The issue only occurs when the ATMega is awake and it only happens when it is in the while loop waiting for new serial data. I have other simpler code with no serial communications which acts as a timer which also seems to reset but I have never captured it. It will run perfectly happy for weeks or months before it resets. Now that I have added complexity and serial communications it resets frequently and I can easily replicate the problem.   
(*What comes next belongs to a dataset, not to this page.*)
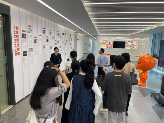 阿里巴巴的企业文化同样让同学们印象深刻。通过此次参观,我们看到了企业如何在管理中融入文化建设,从而提升员工的归属感和工作积极性。来自大三ACCA班级的刘嘉欣同学特别提到,阿里巴巴的企业文化和价值观在实际运营得到了全面贯彻,这种“客户第一、员工第二、股东第三”的理念增强了员工的凝聚力和创造力。大四的会计学专业的学生陈嘉欣则对阿里巴巴办公空间的设计和文化氛围表示赞赏,她感受到阿里巴巴对于创新的无尽追求,以及这种文化对企业长远发展的支撑作用。
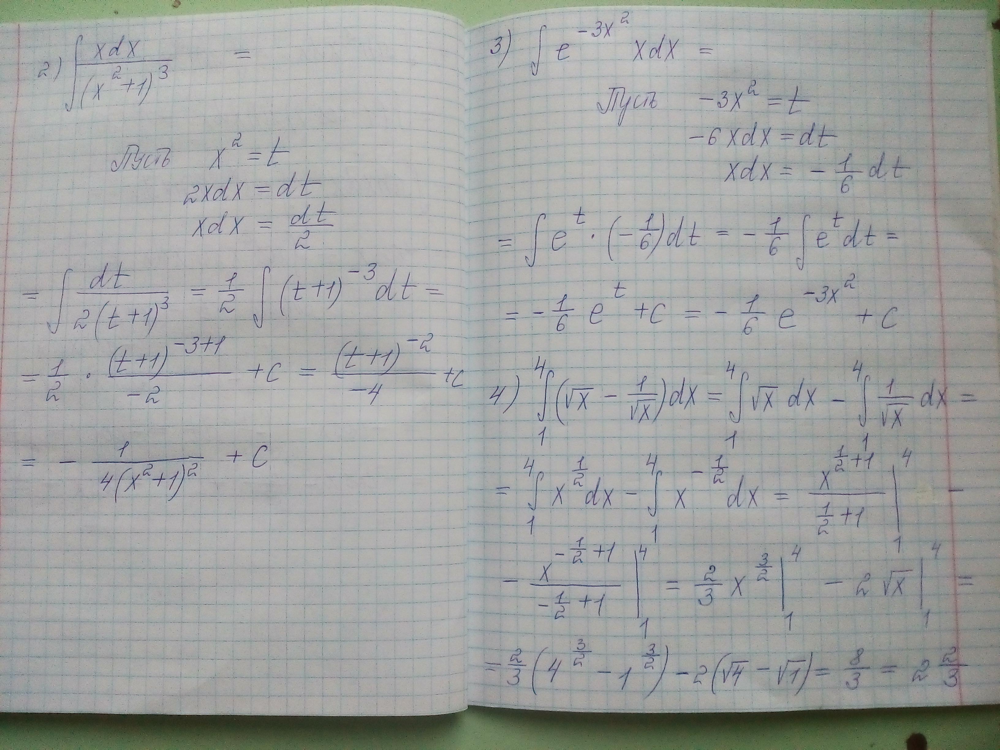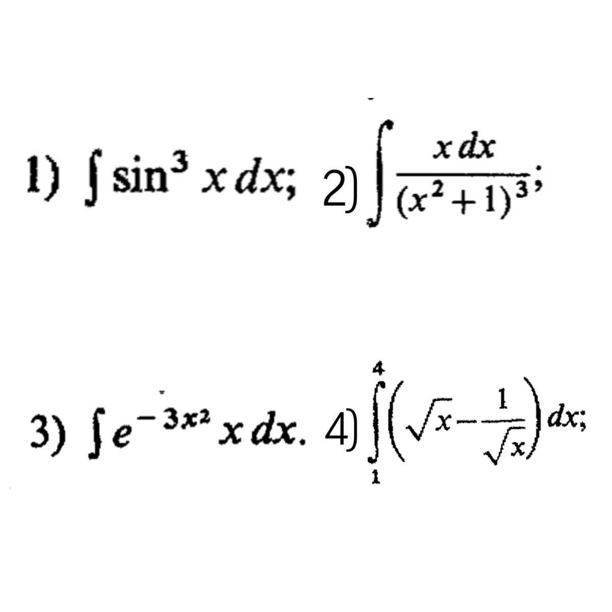 3) ∫e⁻³ˣ²xdx=-(1/6)∫e⁻³ˣ²d(-3x²)=-e⁻³ˣ²/6+c

I did not know that and I appreciate the information. I did try opening and closing my session on my terminal program  while the sketch was running and I did not see it reboot. In my case the serial was open the entire time so I don't think that is what causes it to reset. Sometimes it will make it through a full cycle but not others.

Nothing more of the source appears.